My macaroni and cheese has six cheeses: Sharp cheddar, Monterey Jack, colby, bleu cheese (Point Reyes Bleu), gruyere and parmesan. I start with four cups of bechamel sauce into which I stir two cups of shredded cheeses (which makes it a Mornay sauce) and then mix the cooked macaroni and sauce in a large bowl. I add more shredded cheeses, diced country ham and a few chopped tomatoes. Once the mixture is spread in a baking dish, I scatter over the top handfuls of panko bread crumbs tossed with shredded cheeses and finally, over all, I grate more gruyere and parmesan. About 30 minutes at 375 degrees will do it, though it doesn’t hurt to turn on the broiler for a minute or two so those bread crumbs get toasty and crusty. Yum!

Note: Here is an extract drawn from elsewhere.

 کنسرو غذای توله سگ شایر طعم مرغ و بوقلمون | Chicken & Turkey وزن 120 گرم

For wine, I opened a bottle of the Matua Valley Pinot Noir 2008, from New Zealand’s Marlborough region. This is an inexpensive
pinot noir that may lack great dimension but gets the details right. The color is medium ruby-cranberry; the bouquet offers cloves and allspice, cranberry and cola and red and black currants with a hint of melon. In the mouth, the currant and blueberry flavors develop elements of dried spice and potpourri and a touch of earthiness. The wine ages briefly in a combination of new and used French oak and stainless steel, a process that retains the grape’s fresh appeal and zestiness, while contributing a firm satiny texture. No blockbuster here but a model of charm and delicacy and delicious fruit. Very Good+. About $14.

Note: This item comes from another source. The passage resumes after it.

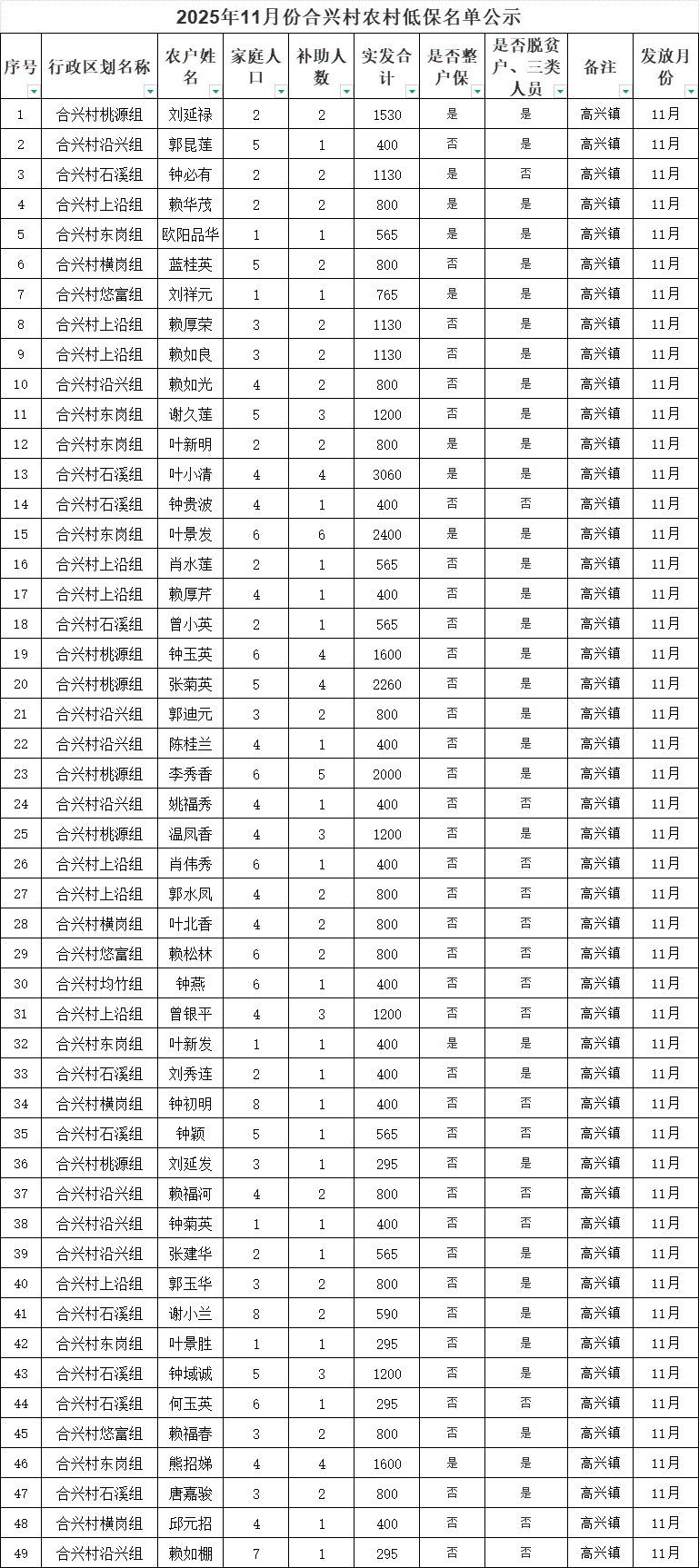 2025年11月份合興村農(nóng)村低保名單公示

FWE Imports, Napa California.
February 17th, 2009 at 8:46 am
We have parted company. I’ve got such deep-seated problems with mac and cheese, from childhood, it is one of the two things I will not eat.
February 17th, 2009 at 9:45 am
Um, what’s the other one?
February 17th, 2009 at 5:45 pm
I don’t know yet, but I’m looking for it…
February 18th, 2009 at 7:37 pm
I am always amazed at the ability of wine writers to taste blueberries in wine. I have grown blueberries for 30 years, and each year go up to the Blue Ridge Parkway and pick 40-50 pounds of blueberries (and eat half of them) and have never tasted blueberry in a wine. I am wondering if my tastebuds have been blueburied.
February 19th, 2009 at 9:23 am
“Blueburied”! what a great word, Bruce. That signifier doesn’t show up in many wines, it’s true, mainly in syrah and occasionally pinot noir, as noted here. Very rarely in cabernet sauvignon.